1) PyTorch supports Mac m1 GPU and AMD GPU as well. Right now, TORCWA seems to support only Nvidia GPU. I'm not sure how much an effect it takes to extend the GPU support. It would be great it it can work in other GPUs as well.

2) Did you try it on HPC clusters ? If yes, what is the best CPU/GPU ratio ? Besides, does it get faster if the wavelength is divided into n CPUs ? Ot is it already fast enough due to GPU?

3) Is there a function to get & plot the epsilon values of a layer ? and plot according to the epsilon value using plt.pcolormesh? Also similar visualisation along the vertical cross-section would be helpful, too.

Cheers

kch3782 commented 1 year ago
  1. We will test other GPUs later. Thanks for the great suggestion.

  2. It is difficult to give an answer now, because we have not been able to test HPC cluster. We will try it later if we have enough computer resources.

  3. The rcwa class does not save the epsilon value on the grid, but only values after Fourier transform. The function that recovers the epsilon value stored as the Fourier order value for a specific layer onto a uniform grid is as follows.
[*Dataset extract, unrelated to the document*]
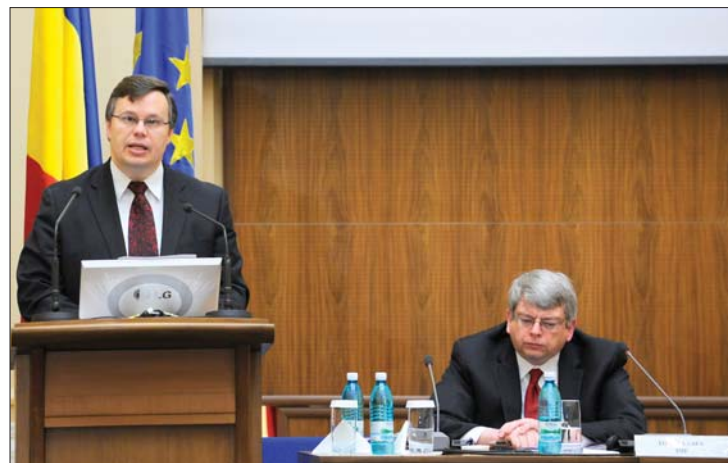
Jeffrey Franks szerint Románia nem nyúl hozzá az IMF-hitelhez

▶ A Nemzetközi Valutaalap (IMF) szerint csak 5-10 év múlva csökkenhetnek az adók Romániában, a társadalombiztosítási hozzájárulások mérsékléséről egyelőre szó sem lehet – mondta tegnap bukaresti „búcsúajótájékoztatóján” Jeffrey Franks, az IMF-küldöttség vezetője. 4. és 6. oldal ▶

    eps_recover, mu_recover = rcwa.return_layer(layer_num=0,nx=100,ny=100)

However, please note that the output of this function is different from the distribution of epsilon values used for actual input. We will also consider adding a function to get or visualize the vertical cross-section in the future.

Thank you.

MahmutRuzi commented 1 year ago

Thanks for the detailed response.
Hope more researchers will discover & use it.